What you have to do:
Every line of the entries below that carries the string "Clingen" should be copied.

Extracted entries:
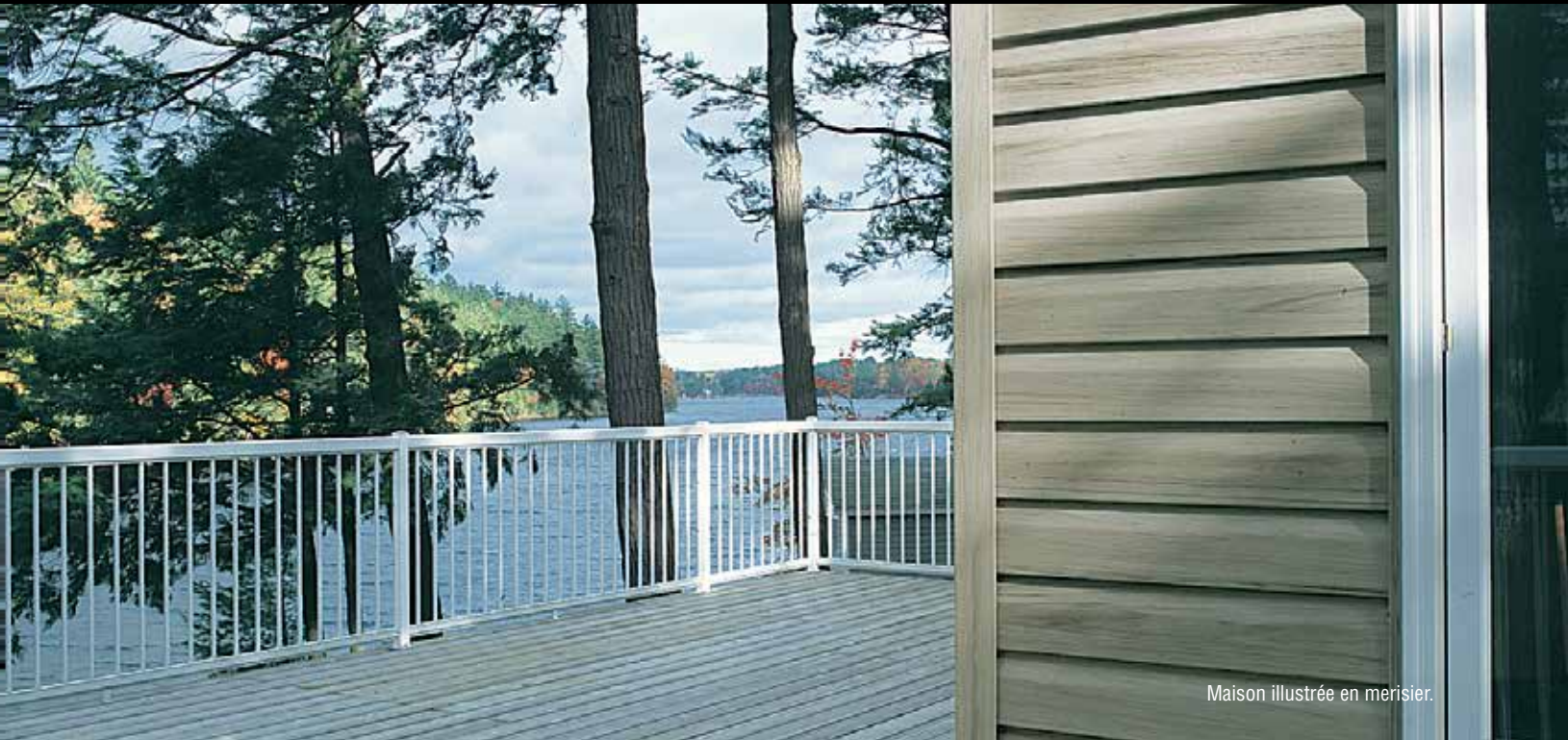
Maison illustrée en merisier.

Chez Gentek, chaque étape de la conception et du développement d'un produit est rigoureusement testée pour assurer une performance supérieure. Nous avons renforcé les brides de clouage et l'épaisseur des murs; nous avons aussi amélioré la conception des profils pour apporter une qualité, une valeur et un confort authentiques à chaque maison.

* * *

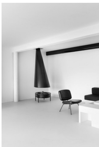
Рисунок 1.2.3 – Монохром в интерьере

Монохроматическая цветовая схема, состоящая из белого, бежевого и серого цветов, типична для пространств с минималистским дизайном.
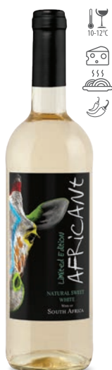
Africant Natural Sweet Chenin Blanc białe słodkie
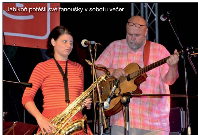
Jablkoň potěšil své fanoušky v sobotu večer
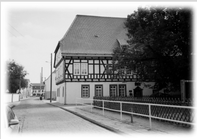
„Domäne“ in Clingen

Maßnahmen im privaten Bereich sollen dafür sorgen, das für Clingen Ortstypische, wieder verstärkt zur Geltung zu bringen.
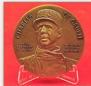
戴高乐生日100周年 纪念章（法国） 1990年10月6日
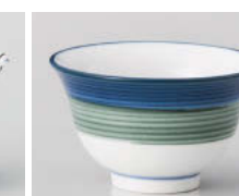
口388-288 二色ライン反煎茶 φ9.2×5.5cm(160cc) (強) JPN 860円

Exercise solution:
„Domäne“ in Clingen
Maßnahmen im privaten Bereich sollen dafür sorgen, das für Clingen Ortstypische, wieder verstärkt zur Geltung zu bringen.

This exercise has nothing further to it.